§ **Your instructions**: Only one stretch of the material below is wanted: everything from the line containing "1) key a) вікно" down to the line containing "记者从拉萨海关获悉,2024", both ends included. Repeat it exactly and skip the pictures.

§ **Data supplied**:
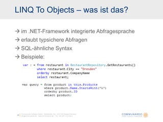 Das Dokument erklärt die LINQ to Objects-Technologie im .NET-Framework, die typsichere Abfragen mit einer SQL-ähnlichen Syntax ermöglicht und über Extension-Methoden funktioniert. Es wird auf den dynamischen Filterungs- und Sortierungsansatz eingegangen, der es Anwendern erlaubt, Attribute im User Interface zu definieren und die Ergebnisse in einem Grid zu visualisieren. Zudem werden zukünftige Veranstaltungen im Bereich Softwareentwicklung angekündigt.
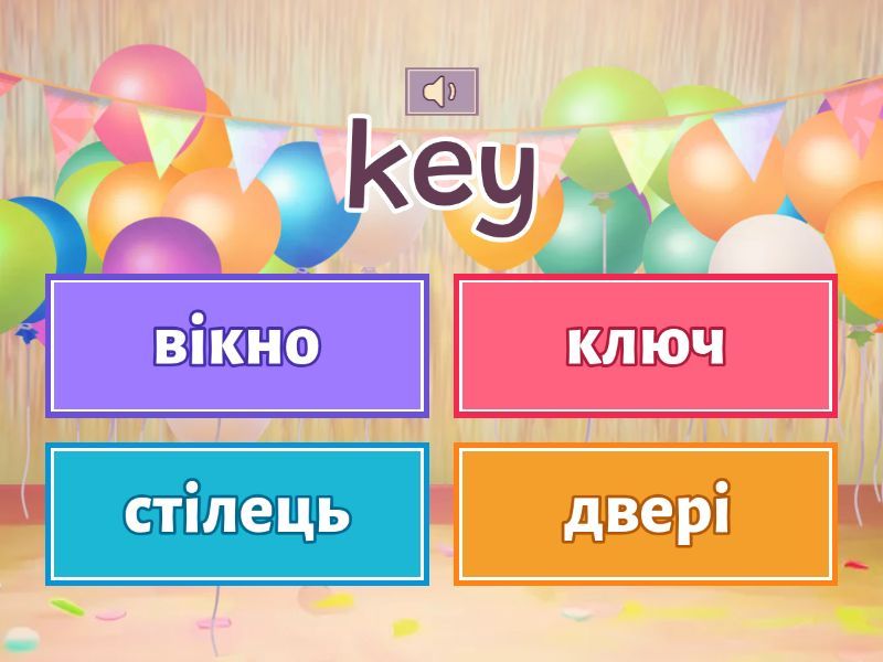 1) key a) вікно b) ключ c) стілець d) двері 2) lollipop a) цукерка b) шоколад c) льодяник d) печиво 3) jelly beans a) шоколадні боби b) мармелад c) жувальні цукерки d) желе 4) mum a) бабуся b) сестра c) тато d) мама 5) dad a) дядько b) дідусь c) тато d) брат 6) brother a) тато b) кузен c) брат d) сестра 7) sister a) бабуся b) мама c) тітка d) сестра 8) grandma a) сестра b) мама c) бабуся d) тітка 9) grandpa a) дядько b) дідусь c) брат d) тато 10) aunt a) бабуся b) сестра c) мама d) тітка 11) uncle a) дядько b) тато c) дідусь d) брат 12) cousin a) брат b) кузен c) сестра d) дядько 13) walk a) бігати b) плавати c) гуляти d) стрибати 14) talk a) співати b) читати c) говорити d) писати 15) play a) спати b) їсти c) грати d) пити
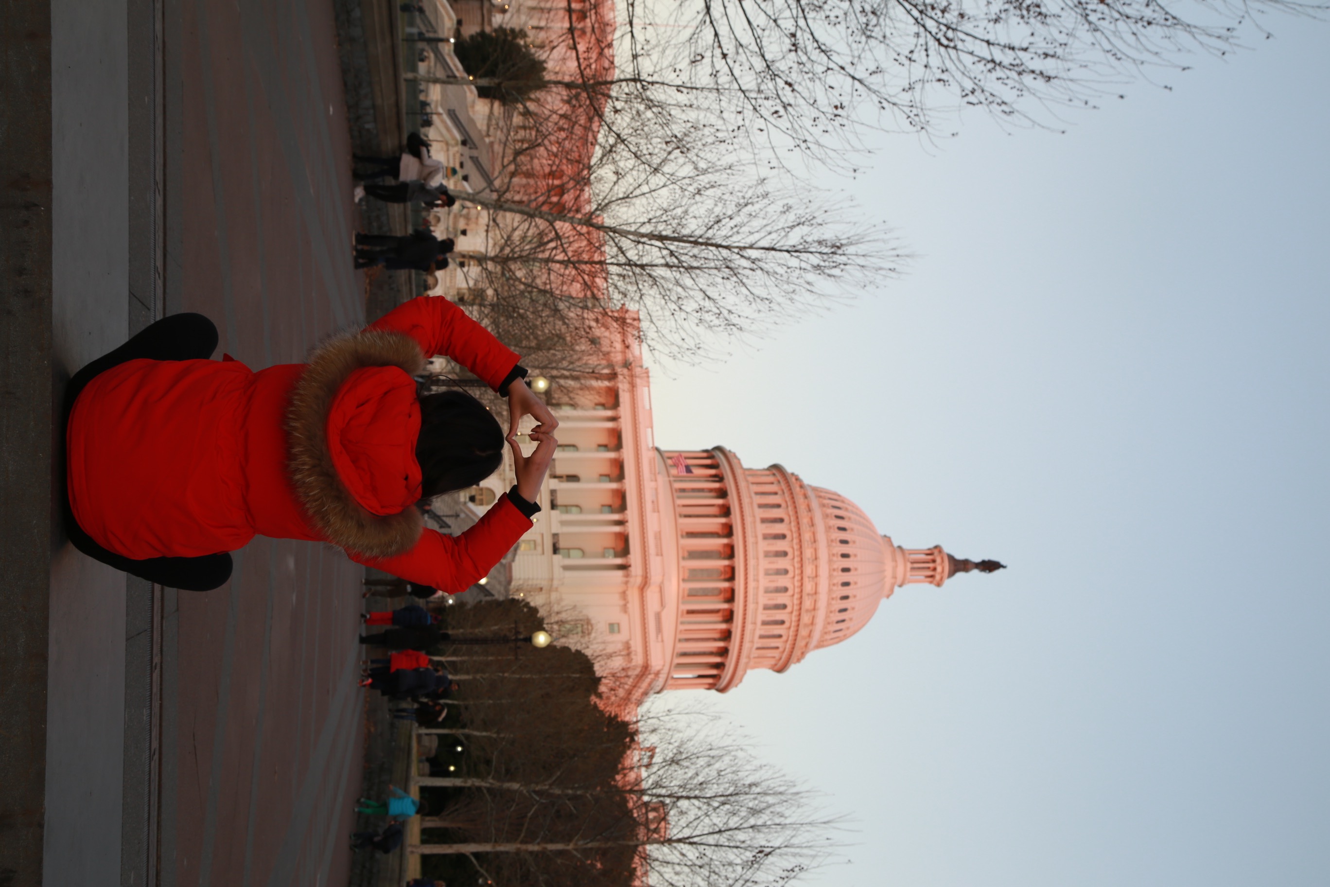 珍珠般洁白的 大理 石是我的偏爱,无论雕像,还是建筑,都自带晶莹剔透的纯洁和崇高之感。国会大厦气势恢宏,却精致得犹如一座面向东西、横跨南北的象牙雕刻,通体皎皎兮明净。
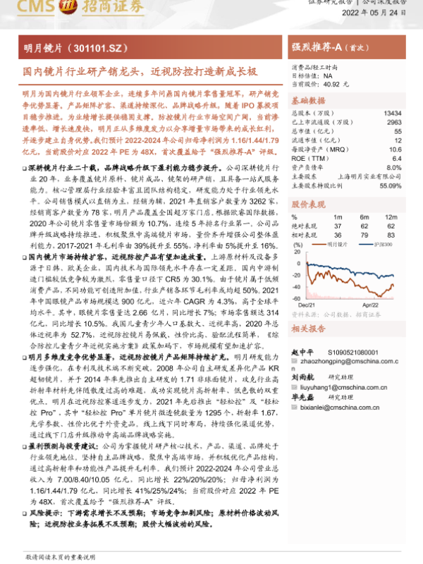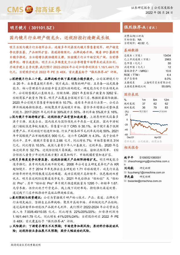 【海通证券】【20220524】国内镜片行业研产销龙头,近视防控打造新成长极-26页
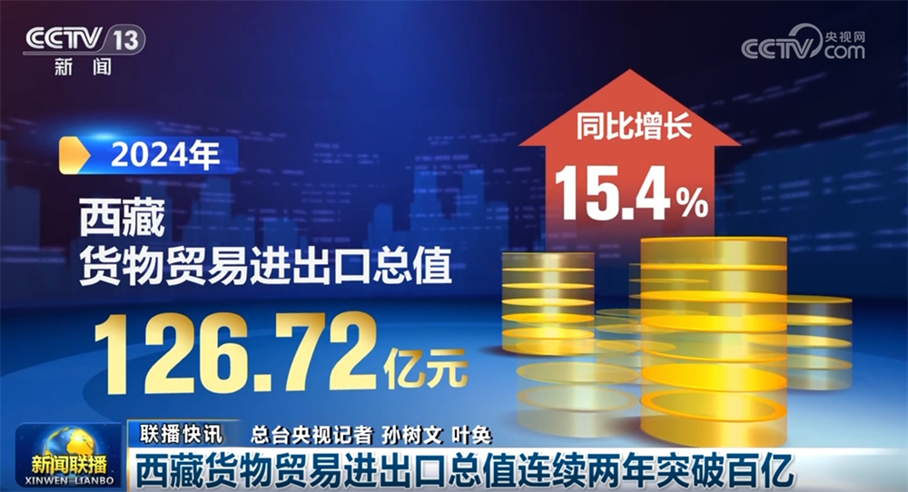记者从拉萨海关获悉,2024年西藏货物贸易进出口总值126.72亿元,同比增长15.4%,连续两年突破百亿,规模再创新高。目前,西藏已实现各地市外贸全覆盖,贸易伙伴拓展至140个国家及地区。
* * *
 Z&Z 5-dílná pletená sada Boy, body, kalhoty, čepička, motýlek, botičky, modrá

§ **Answer section**:
 1) key a) вікно b) ключ c) стілець d) двері 2) lollipop a) цукерка b) шоколад c) льодяник d) печиво 3) jelly beans a) шоколадні боби b) мармелад c) жувальні цукерки d) желе 4) mum a) бабуся b) сестра c) тато d) мама 5) dad a) дядько b) дідусь c) тато d) брат 6) brother a) тато b) кузен c) брат d) сестра 7) sister a) бабуся b) мама c) тітка d) сестра 8) grandma a) сестра b) мама c) бабуся d) тітка 9) grandpa a) дядько b) дідусь c) брат d) тато 10) aunt a) бабуся b) сестра c) мама d) тітка 11) uncle a) дядько b) тато c) дідусь d) брат 12) cousin a) брат b) кузен c) сестра d) дядько 13) walk a) бігати b) плавати c) гуляти d) стрибати 14) talk a) співати b) читати c) говорити d) писати 15) play a) спати b) їсти c) грати d) пити
 珍珠般洁白的 大理 石是我的偏爱,无论雕像,还是建筑,都自带晶莹剔透的纯洁和崇高之感。国会大厦气势恢宏,却精致得犹如一座面向东西、横跨南北的象牙雕刻,通体皎皎兮明净。
 【海通证券】【20220524】国内镜片行业研产销龙头,近视防控打造新成长极-26页
记者从拉萨海关获悉,2024年西藏货物贸易进出口总值126.72亿元,同比增长15.4%,连续两年突破百亿,规模再创新高。目前,西藏已实现各地市外贸全覆盖,贸易伙伴拓展至140个国家及地区。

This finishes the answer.